113. Levinah Emmaline Wilson, my mother Ruth's mother. Widow for 32 years.

Levinah Emmaline Wilson, or “Emm” was born down on “The Muddy”, St. Thomas, Nevada, as it was called, on April 14, 1870.  It was covered now Lake Mead.   She was born in a dirt floored and dirt roofed house.  Her father had been called there to start a saw-mill.  She told the story, as it had been told to her, that at her birth it was raining,  (a rare thing for that section), and that sisters had to hold pans over the bed to catch the rain water, during her birth process.  

Only the tops of a few trees used to show through the lake to show where the town had been.   It since is uncovered now due to the lake having less water.  Her father was George Deliverance Wilson, and her mother was Martha Ann Riste.   She was the 7th child out of eleven.  There were eight boys and three girls.  Aunt Martha was 10 years older than Mother and quite sickly.  Aunt Sadie was 8 years younger, so Levinah had brothers both younger and older than she was.  

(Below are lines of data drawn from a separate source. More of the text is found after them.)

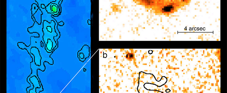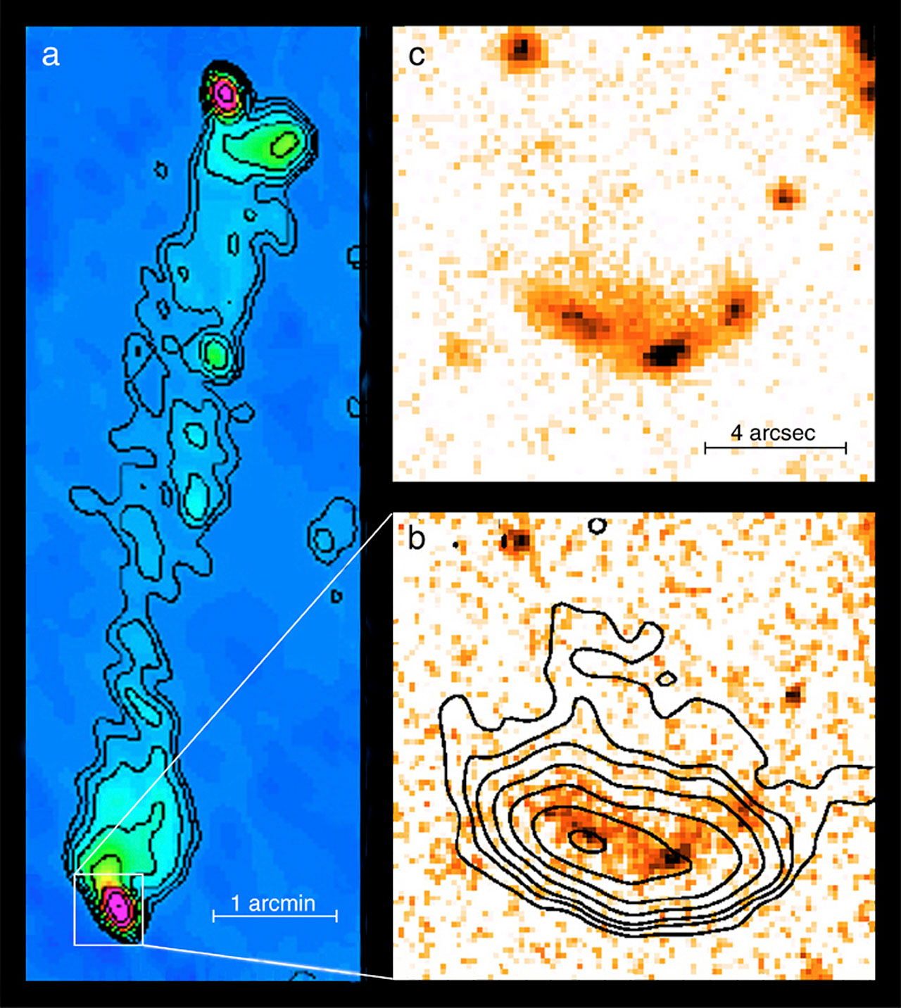 The region where the jets collide with the intergalactic medium are known as " hot spots ". Superposing the intensity contours of the radio emission from the southern "hot spot" on a near-infrared J-band (wavelength 1.25 µm) VLT ISAAC image ("b") shows three distinct emitting areas; they are even better visible on the I-band (0.9 µm) FORS1 image ("c"). This emission is obviously associated with the shock front visible on the radio image.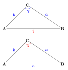 شكل. 3 - تطبيق المبرهنة :الكاشي زاوية أو ضلع مجهول.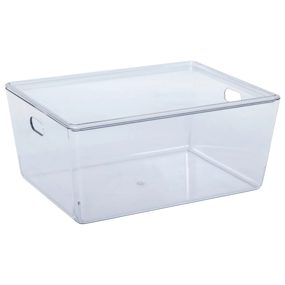 Caja organizadora SELENA con tapa 11l | 15.3x35x26cm | Conoce este y más artículos que tenemos disponibles para tu closet . Almacenar y organizar tus armarios y roperos nunca fue tan fácil. Descubre la gama de Organización hôma | Color: Transparente | Medidas: 15.3x35x26cm | Material: PET, Polipropileno | Capacidad: 11L | Marca: 5Five | Colección: Selena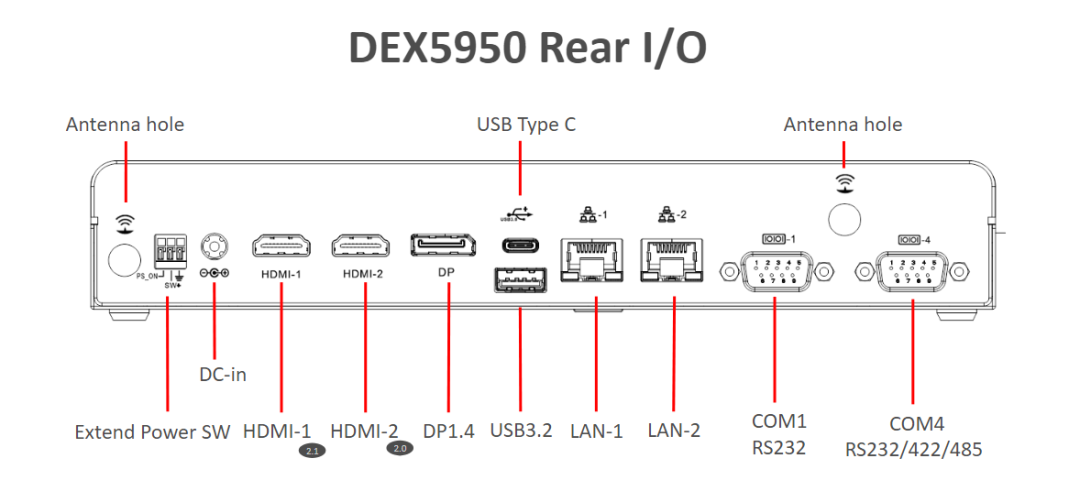丰富接口,可适用多种应用需求:HDMI*2、多网口、USB3.2*2、USB2.0*2、Type C w/DP*1、DB9 RS232*1、DB9 RS232/422/485*1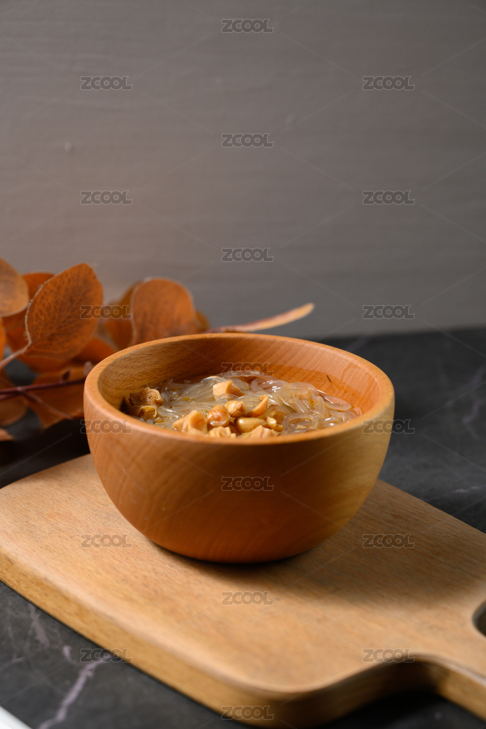 桌面上的碗里的美味可口的酸辣粉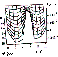 значень вони досягають в зоні дії навантажень. При цьому радіальні переміщення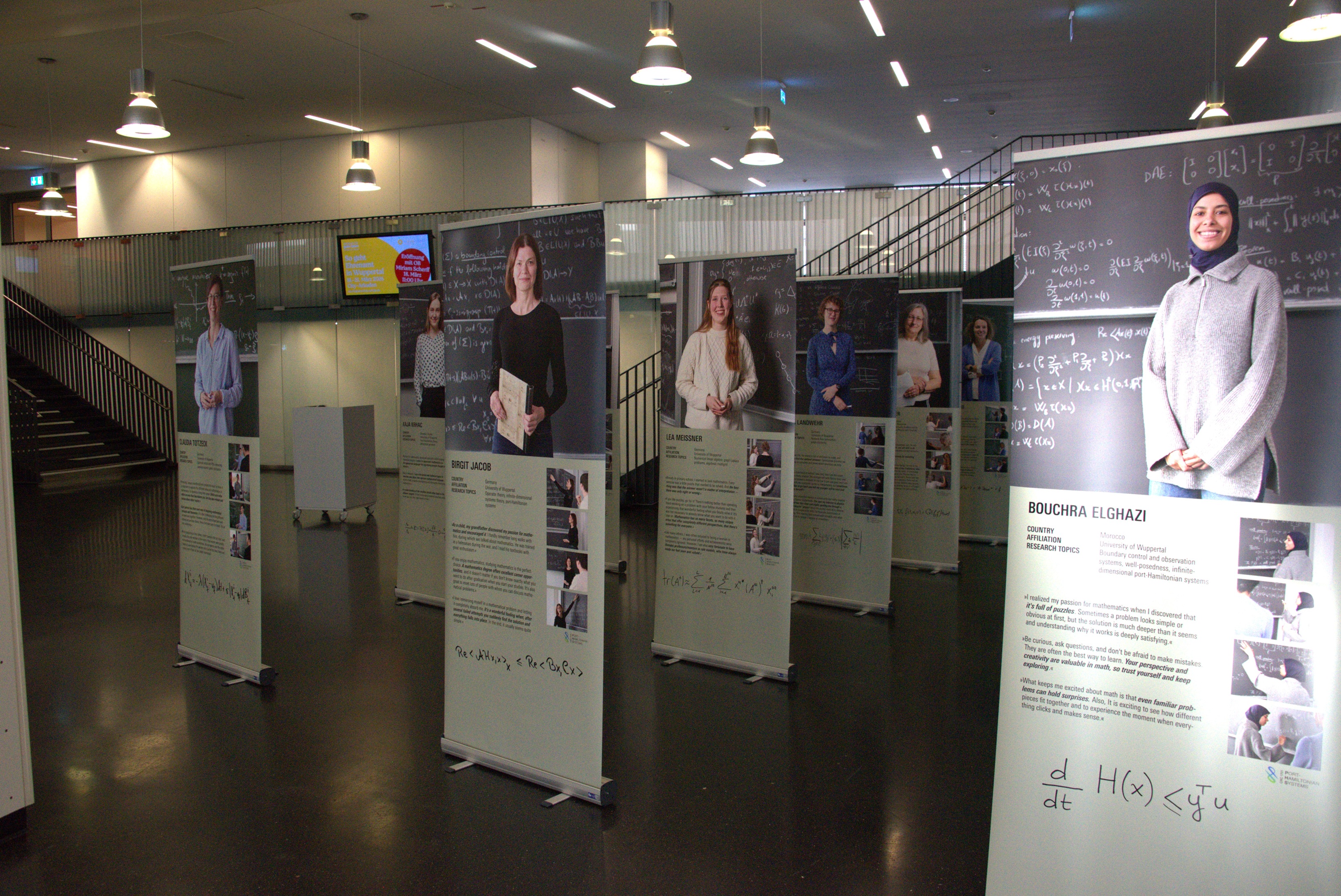 An der Bergischen Universität Wuppertal wird das internationale Porträt-Projekt um eine Schwesterausstellung erweitert. Die Fotografien erstellte Sigurd Steinprinz, das Design übernahm Student Marlon Berndt. Vorgestellt werden dabei 13 Frauen aus Deutschland, Italien, Libanon, Marokko und Slowenien, die gemeinsam in dem an der Uni Wuppertal angesiedelten Sonderforschungsbereich „port-Hamiltonian Systems“ forschen.

When Levinah was about 1 ½ years old the territory was divided and the whole valley then belonged to Nevada.  Nevada imposed such heavy taxes upon the settlers that Brigham Young again called them back to Utah.  The family moved back to Utah and stayed in Panguitch, until Hillsdale was settled, and Grandfather’s saw mill was established.  They had a large farm and Grandfather built a large home.  People traveling from Salt Lake City to Arizona, or south, always planned to stay at Wilsons, where Grandmother always had a fresh loaf of bread, and milk to share, and feed for their horses.  It was a haven to the weary.  George and Martha Ann moved around a lot before that, because he was called to start saw mills in several different towns.  When one was up and running, they were called somewhere else.




Mother was a happy child.  She had a quick sense of humor, and all of her life turned serious things into funny situations.  She inherited her mother, Martha Ann Riste’s beautiful voice, and was always singing.  See Martha Ann Riste's history in blog # 96, and about George Deliverance Wilson in blog # 64.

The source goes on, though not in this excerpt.